Monthly Archive for August, 2007

Então é BlogDay*

* Cantar como se estivesse cantando “então é natal…”

Então, né, 31/08, BlogDay. Eu prometi ao vivo no Atitude.com que ia fazer minha lista e tive que me dar o trabalho de escolher e indicar cinco blogs novos. Novos pra vocês, presumo, porque da minha lista final, quatro já eram velhos conhecidos. Outro conheci ontem, mas já me apaixonei.

Fui em blogs mais próximos, porque acho esse papo hippie de ter que escolher blogs em outras línguas, de diferentes culturas e imergir em um novo mundo via web meio nada a ver, fora que ia dar um trabalhão e o tempo tá escasso. Mas juro que me esforcei pra escolher cinco blogs diferentes do meu. E diferentes uns dos outros. Ah, vai, apreciem meu esforço!

Enfim, cliquem, leiam, repassem. Confiem no meu taco, pô.

Senhor Prendado: cozinhar é um dos meus passatempos preferidos. Mas é claro que comer vem antes. E as receitas que o designer de mão-cheia João Baptista da Costa Aguiar posta em seu blog me deixam salivando feito uma hiena faminta na frente do monitor. Receitas fáceis e sofisticadas com belas fotos das ótimas apresentações dos pratos fazem o Senhor Prendado um dos meus blogs preferidos.
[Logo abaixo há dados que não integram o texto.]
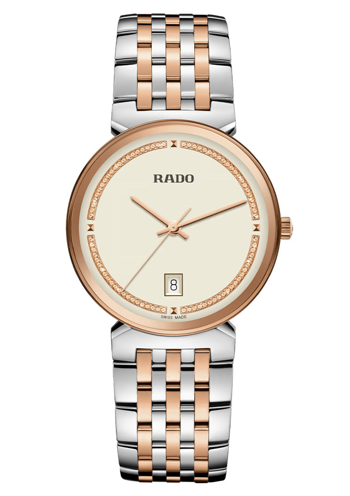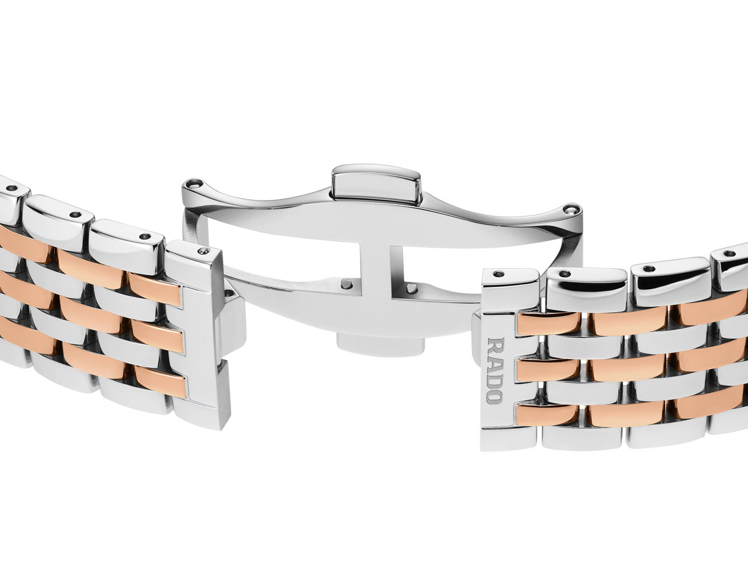Hodinky Rado byly navrženy pro snadné čtení času a pohodlné nošení. Orámováno širokým, k okraji mírně nakloněným, zakřiveným safírovým sklem o průměru 38 mm, dokonale chrání jeho půvabný ciferník. Jeho leštěné pouzdro, korunka, luneta a zadní strana jsou vyrobeny z nerezové oceli ve stříbrné a růžové zlaté barvě, díky čemuž jsou pevné a odolné. Dvoubarevný náramek z leštěné nerezové oceli dokonale ladí s celými hodinkami a vytváří tak ucelený a elegantní celek. Ciferník šampaňského zdobený jemným rhodiovaným třpytivým zdobením vyniká zvýrazněným stříbrným logem „Rado“, které mu dodává výjimečnou prestiž. Rhodiované ručičky dokonale kontrastují s pozadím a umožňují tak snadno odečítat čas i v obtížnějších světelných podmínkách.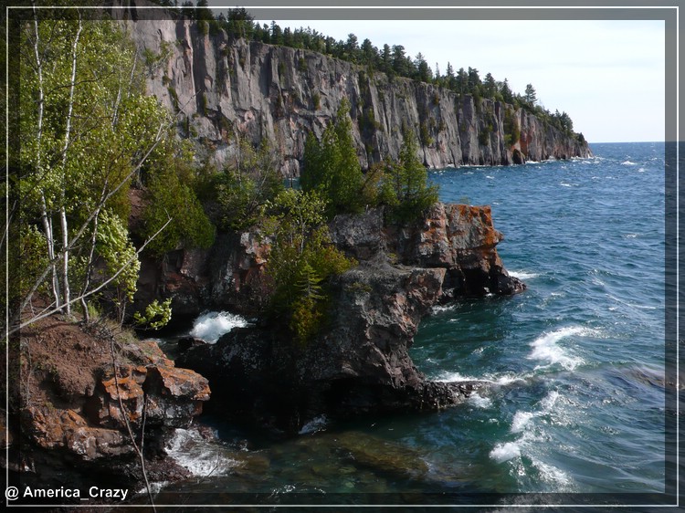Dieser war gerade mal 200m entfernt. Der Parkplatz am Straßenrand war auch schon ziemlich gefüllt. Im Park selber gibt es eine Abfolge von Wasserfällen, in denen sich der Cascade River in den Lake Superior ergießt. Wir laufen den schönen Rundkurs entlang des Flusses und genießen das Tosen. Wirklich herrlich. Auf der anderen Seite des Parks hat man wiederum einen sehr schönen Blick auf den blauen Lake Superior. Hier verbringen wir auch wieder an die 1.5 Stunden.

AutoLiniers: outro país? Serve a Argentina? É de lá que saiu o cartunista Ricardo Liniers, que publica diariamente suas tirinhas Macanudo no jornal La Nación. Sou COMPLETAMENTE APAIXONADA pelas tirinhas, que chegam diariamente no meu e-mail. As tirinhas também vão parar automaticamente no blog AutoLiniers, fazendo com que qualquer um possa conferir a genialidade do autor. Sério, vão lá, virem fãs, que ele merece.


Superziper
: eu e minha coordenação motora de boneca-suzy não levamos jeito pra trabalhos manuais, mas ler o SuperZiper é uma delícia. A dupla de amigas Claudia Fajkarz e Andrea Onishi, que escrevem de Londres e São Paulo, respectivamente, faz tudo parecer tão simples, e tão interessante, que eu também morro de vontade de ser uma menina prendada.

Blog de Brinquedo: tudo bem, tudo bem, o Dado Ellis me indicou na lista dele do BlogDay. Mas que culpa eu tenho d’ele ter um blog delicioso? O nome já diz tudo. É um blog sobre brinquedos. Daqueles que fazem gente grande querer voltar a ser criança.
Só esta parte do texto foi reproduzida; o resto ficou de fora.